話語言罷,便見大廳門口處,走出一位老者,行色看起來有些匆忙,好似不想多做停留一般。
而其腰間懸掛之物,卻是一些與醫藥有關之品,那麼從剛才的對話之中,便不難猜出老者之身份,必然便是那皇宮之中的禦醫人士。
“唉,誰曾想,昔日名震大漢的安東將軍,此時卻近乎如同凡人一般,猶如那天上仙神,墜入凡間...”
“真乃世事難料也...”
老者在內心之中長歎一聲,緊接著便是頭也不回,向著皇宮方向而去。
因為,他還要回宮向某位存在,彙報此間的細致情況。
而這一幕,其實也並非第一次上演。
“奉孝,一個多月了吧,這天子是不是也該消停一下了。”
鏡頭回歸到府苑客廳之中,便見陸祁淡然坐於堂中,同時品著手中茶水,向著身旁的郭嘉道。
“嗯,從剛才那反應,不難看出,天子之後應該不會再過度的關注於主公您了。”
一旁亦是閒坐堂中的郭嘉,有些好笑的望著陸祁道。
“唔~”
聞言的陸祁無奈的笑著伸了一下懶腰,繼而言道:
“這天子的帝皇手段倒是玩得夠嫻熟的,先是封我一個‘平陽侯’,然後再以我身體有恙為由,武將官職不變,但無需操勞軍中事宜,說白了就是給個名頭,領著俸祿,然後架空我的軍權。”
郭嘉聞言,卻是戲謔的言道:“這不就是主公您所期盼的嗎?”
“哈哈哈,知我者,奉孝也!”
陸祁曬然一笑道。
同時腦海之中不由翻起了之前的一些事宜。
在他們被漢靈帝邀入宮中赴宴後,漢靈帝便是當著文武百官之麵,封了陸祁一個‘平陽侯’,因為是封號侯的緣故,所以官居二品,同時還在洛陽城內賞賜了陸祁一座莊園,美曰‘愛卿安心養傷’。
對於這個封賞,陸祁自然沒有拒絕,直接便是當眾領封。
至於對於張飛等人,漢靈帝則是把他們各自分化到了西苑八校的各個部署之中,三人儘皆領了一個偏將職位,同時那十來萬‘血煞軍’將士,亦是被打散,各自列入西苑八校軍中。
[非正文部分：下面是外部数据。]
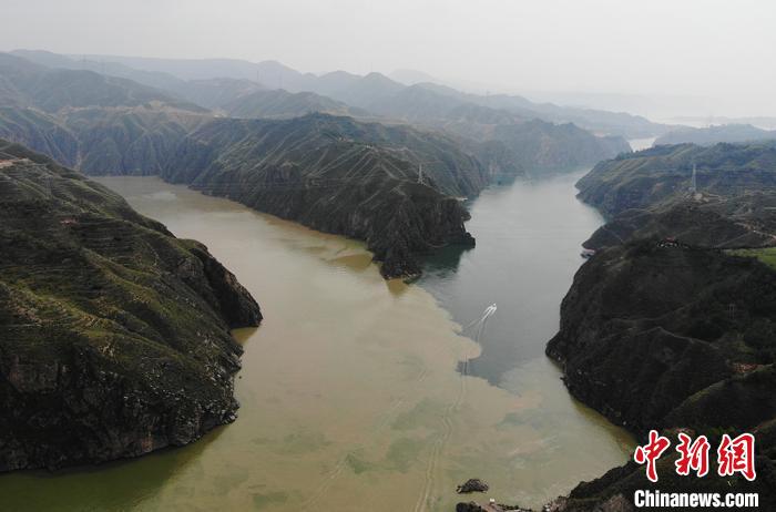 圖為甘肅永靖縣劉家峽遠眺洮河匯入黃河,入河口呈現出“二龍戲珠”的交匯奇觀。兩條河流匯聚于此,“涇渭分明”,交融卻不滲透,再加上河中石山,猶如兩條巨龍游戲于此,在當地這景象也被稱為“二龍戲珠”。(資料圖) 楊艷敏 攝

而郭嘉和戲誌才二人,卻是沒有領那官職,而是選擇繼續跟隨在陸祁身邊,此時卻是做起了府中管事一事。
至此,漢靈帝手中的兵權可謂是大大提高了數個台階。
可,之後事情依然沒有結束,宴會結束之後的隔日,陸祁的府中便是來了一位禦醫,領著漢靈帝的口諭,在陸祁傷勢沒有穩定之前,需得每日接受禦醫療養。
就這樣,直至今日,這來自漢靈帝的‘關心’方才結束。
“奉孝,去取些酒來,咱倆喝上一杯。”
見左右無事,而且煩人的蒼蠅終於消失,陸祁心情還是稍微暢快了一些。
“諾!”
郭嘉笑而領命起身,向著後院而去。
不曾想,還未前至數步,大門卻是傳來‘砰砰’作響之聲。
“這...”
郭嘉見此,不由停下了腳步,等待陸祁的命令。
“去吧,看來這曹胖子又來討酒喝了!”
陸祁額頭處不由泛起數道黑線。
......
府苑大門之外,一名身長七尺,細眼長髯的黑袍男子,正奮力敲著門,同時嘴邊大喊道:
“子翊,快快開門!”
“砰砰砰...”
“哐!”
措不及防間,大門悄然開啟,導致黑袍男子敲門的動作乍然一空,差點向前一踉蹌。
“呼,奉孝,你總算是來開門了,我說你們這好歹也是一處侯府,怎麼就是不願招幾個下人呢?”
黑袍男子麵色顯得有些無奈的嘀咕道。
“孟德兄,這你就得問我家主公了。”
郭嘉淡笑的回了一句,繼而便是邀請黑袍男子,也就是曹操進府。
“子翊!子翊!”
“為兄來了!”
曹操仿佛進入自家府苑之中一般,滿是熟悉的便是走至大廳方向,看這般行為,必然不是初來乍到。
“來就來,你嗓門小點。”
陸祁品下一口茶水後,便是打趣的望著曹操道:
“你這孟德,無事怎總愛往我這跑?”
“難道不知,我這府苑可是幾乎無人願意踏足於此?”
聞言的曹操也不氣惱,自顧自的便是坐於陸祁對麵,在給自己倒了一杯茶水飲畢後,便是憤慨言道:
“哼,那些唯利是圖的家夥,早先聽聞子翊要回歸洛陽之時,便是爭先恐後明言說要親自拜訪於子翊你,可就在天子一道封賞結束之後呢?”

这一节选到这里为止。